Hard at Work for Penguins!

April 16, 2014 by dyertrust

On Wednesday, 12th February 2014, instead of volunteering on Marine Dynamics shark cage diving boat, Slashfin, seven of our International Marine Volunteers had the privilege to visit one of the largest remaining African Penguin colonies in the world, Stony Point in Bettys Bay.

 

These visits are a fortnightly institution for the Dyer Island Conservation Trust and the International Marine Volunteers. We help with the maintenance of this colony, assisting with alien vegetation clearing, placing of artificial homes for the penguin families and vegetative habitat mimicry.

 

In addition to receiving a private tour of the boardwalk, which meanders amongst the penguins and other seabirds calling this colony home, this time they were able to assist the seabird monitors working at Stony Point in the preparation for the first breeding season of the African Penguin in 2014.

 

A quick history on the African Penguin, in their natural habitat they were once quite abundant and were able to burrow down into guano, creating adequate nests to shelter them from environmental factors. Then the guano was harvested off of the islands and sold commercially as fertilizer, and a component of gunpowder. As a direct result the penguins were unable to form nests and were forced to lay their eggs in open scrapings on hospitable terrain. The eggs that survived the forty-day incubation period yielded surviving chicks, but without the safety of a nest they simply became an easy meal for seals, and predatory birds.

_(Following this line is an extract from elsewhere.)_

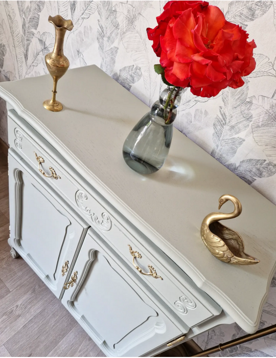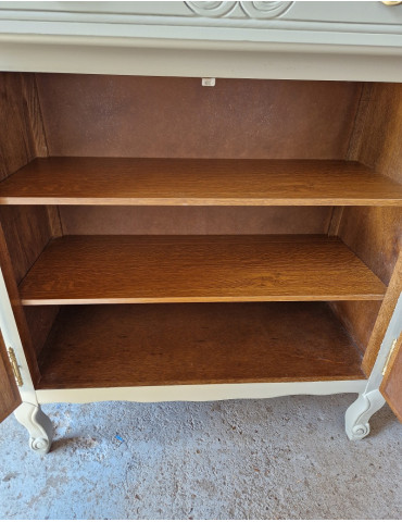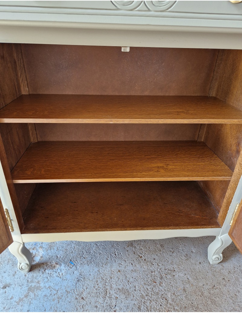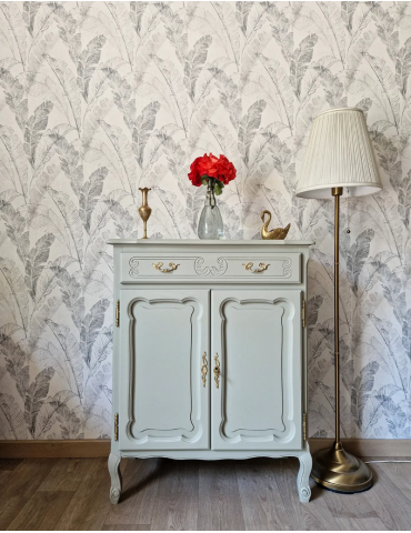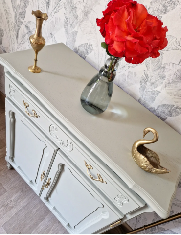 Un très beau meuble d'entrée de couleur verte avec des nuances grises. Des poignées dorées pour plus de charme. Très pratique grâce à ses nombreux rangements. Il pourra servir comme meuble de chaussures

Within the past thirty years, the population numbers have declined by ninety percent. The species is predicted to become extinct within the next ten to fifteen years if drastic action is not taken.

 

The Dyer Island Conservation Trust, that has vowed to save the African Penguin, has created a program that introduces artificial homes in which the penguins can nest and more successfully raise their chicks.

Two years prior to our visit, a residential area was built across the street from the bay. The penguins, which once had free reign of the entire area, were evicted from the neighborhood further limiting their available nesting grounds.

 

The penguins would still venture into the neighborhoods and became cat and dog food and even some were even killed by homeowners who considered them pests.

The main job during the volunteers visit was to finish building a fence in order to keep the penguins in the colony and keep the terrestrial predators, such as house cats, from stealing the newborn chicks from the nests.

 

It was hard work but very rewarding, knowing that the fence would help the Dyer Island Conservation Trust and Stoney Point save African Penguin lives, and promote the conservation of this species!